ChanServ changed the topic of #picolisp to: PicoLisp language | Channel Log: https://irclog.whitequark.org/picolisp/ | Check also http://www.picolisp.com for more information
aw- has quit [Quit: Leaving.]
orivej has quit [Ping timeout: 256 seconds]
orivej has joined #picolisp
orivej has quit [Remote host closed the connection]
orivej has joined #picolisp
orivej has quit [Ping timeout: 256 seconds]
orivej has joined #picolisp
orivej has quit [Read error: Connection reset by peer]
orivej has joined #picolisp
orivej has quit [Quit: No Ping reply in 180 seconds.]
orivej has joined #picolisp
orivej has quit [Ping timeout: 260 seconds]
<Regenaxer> Until now always crashed in the context of binary read (plio), probably when reading external symbols
rob_w has joined #picolisp
<tankf33der> my plio tests passed gc+
<tankf33der> i run gc+ tests all nigth:
<tankf33der> pil21 @lib/test.l
<tankf33der> and
<tankf33der> minimal bundle of pil21-tests passed.
<Regenaxer> Good morning tankf33der
<tankf33der> morning all
<Regenaxer> Do your plio tests also handle external symbols?
<Regenaxer> I think it has to do with symbols like {A1}
<Regenaxer> stress.l sends very long lists of external symbols to other processes
<Regenaxer> the crashes occurred there
<Regenaxer> and the last crash was when reading an index node from the DB, which also is a nested list of only external symbols
<Regenaxer> I'm just inspecting the code handling this, but cannot see anything suspicious
<tankf33der> i dont think so
<Regenaxer> yeah
<Regenaxer> cause not so easy to handle in unit tests
<tankf33der> feel free send me more tests and i will run
<Regenaxer> yeah, that's the problem
<Regenaxer> How about very simple ones first? Perhaps it shows something
<tankf33der> from plio.l file ?
<Regenaxer> (out "file" (pr (make (do 1000 (link *DB]
<tankf33der> eh
<tankf33der> ah
<tankf33der> ok
<Regenaxer> (in "file" ...
<Regenaxer> or a pipe
<Regenaxer> Who knows? Perhaps it helps :)

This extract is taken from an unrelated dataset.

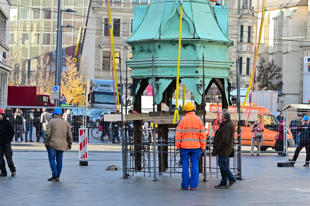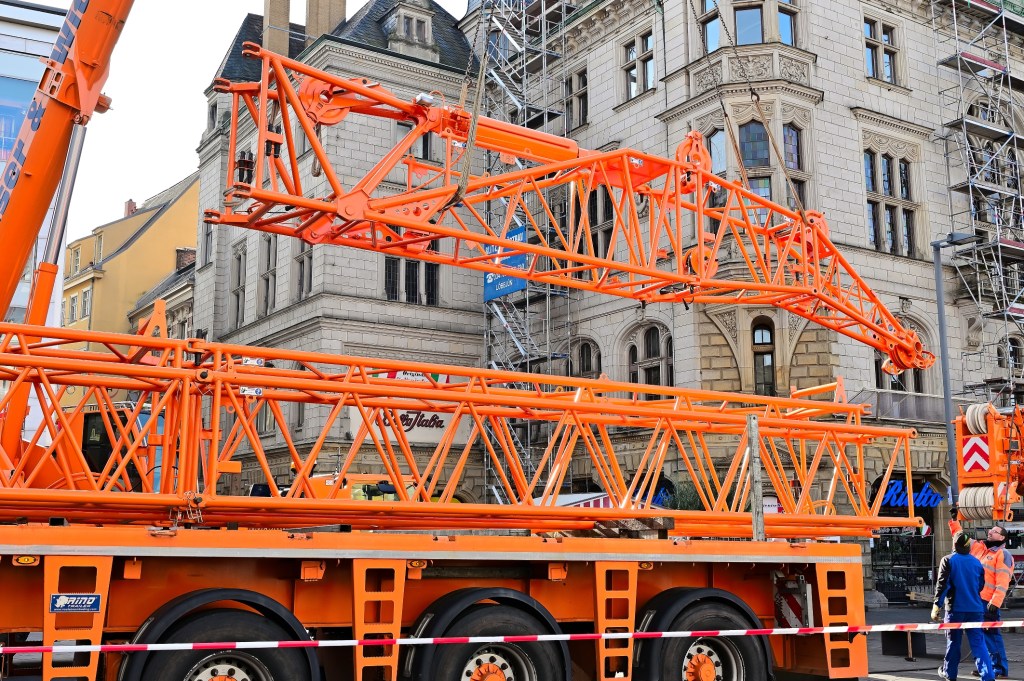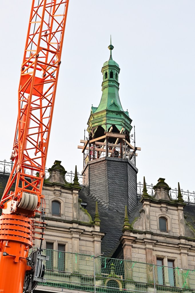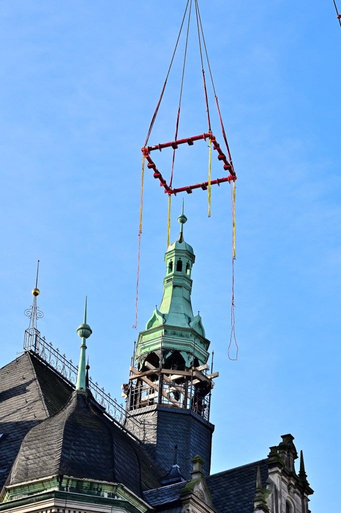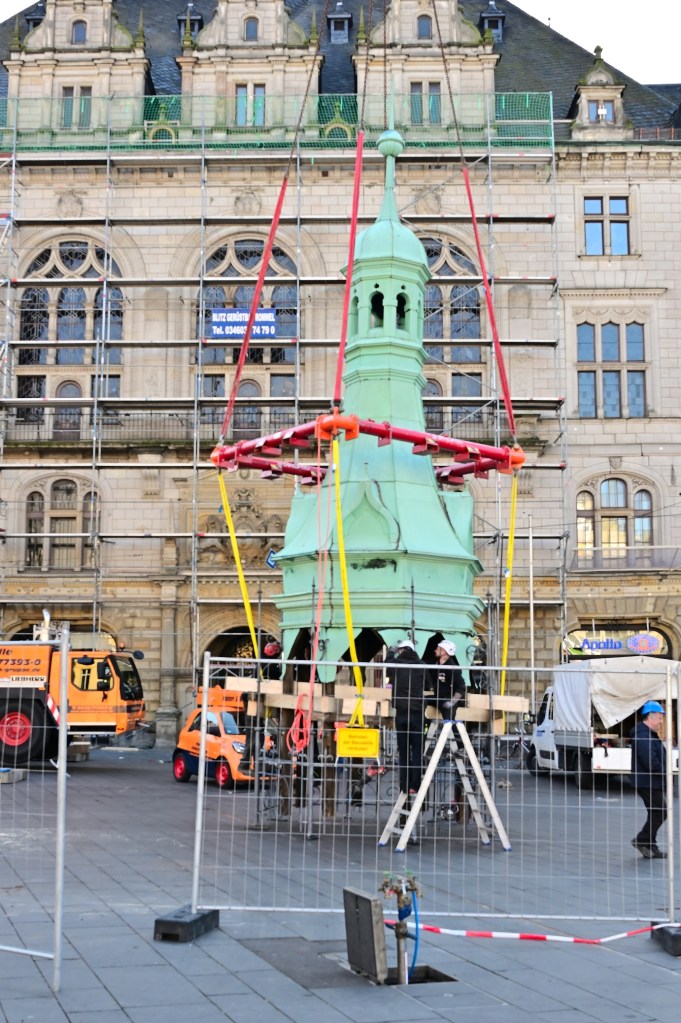 In Vorbereitung der notwendigen Arbeiten am Dachstuhl wurde gestern die Turmhaube des Stadthauses abgenommen. Dafür waren umfangreiche Vorbereitungen notwendig. Schon mit Beginn der Woche wurde Großgerät von der Firma Kaiser & Wittrock [www.wittrock-gruppe.de] aus Halle auf dem Marktplatz aufgefahren und installiert. Das ist auf dem belebten Platz nicht ganz einfach, denn allein der Kran, der die Turmhaube herunterheben soll, musste auf eine Arbeitslänge von über 50 Metern ausgefahren werden. Während noch am Boden die Traverse montiert wurde, die später über die Turmhaube geführt wird und den Turm während der Demontage sichern soll, wurden im Dach-Turm die Verankerungen und Befestigungen weitgehend gelöst. Gegen 10:00 Uhr wurde der Turm in der Traverse gesichert, die letzten Befestigungen abgetrennt und der Turm mit einem Gewicht von ca. 2 Tonnen konnte langsam herabgelassen und vor dem Stadthaus abgesetzt werden.

<Regenaxer> But I think the problem is deeper
<Regenaxer> Internal trees
<tankf33der> all db also passed, btw
<Regenaxer> so it needs more different symbols
<Regenaxer> yeah
<tankf33der> if you wish send full code and i will run.
<Regenaxer> Thats why I think it needs more complicated cases
<Regenaxer> where certain borderline conditions occur
<Regenaxer> But I don't know which condition (yet)
<Regenaxer> I'm just running a test with certain stuff commented out
<Regenaxer> hmm, no, did not help
<Regenaxer> Not crash, but db check error
<Regenaxer> Something internally is messed up
<Regenaxer> and the crash or runtime error occurs much later
<Regenaxer> Can you use random external objects in the test?
<Regenaxer> I think this would work:
<Regenaxer> (id (rand 1 16) (rand 1 99))
<tankf33der> just one line, right?
<Regenaxer> yes, in a loop
<Regenaxer> I think it works without a DB
<Regenaxer> just random symbols
<Regenaxer> Perhaps (id (rand 1 16) (rand 1 63))
<tankf33der> started
<Regenaxer> gives symbols up to {O77}
<Regenaxer> one "hax" letter and two octal digits
<tankf33der> no crash so far
<Regenaxer> hmm :(
<tankf33der> i have idea what to run under gc+
<tankf33der> let me try
<Regenaxer> good
<Regenaxer> I just know (from core) that all crashes were in 'binRead' (in src/io.l)
<Regenaxer> the last one was binRead -> extern -> consSym
<Regenaxer> and stress.l reads/writes lots of external symbols
<Regenaxer> Studying the code again ...
<tankf33der> i cant write full code to read/write lots of external symbols - you can.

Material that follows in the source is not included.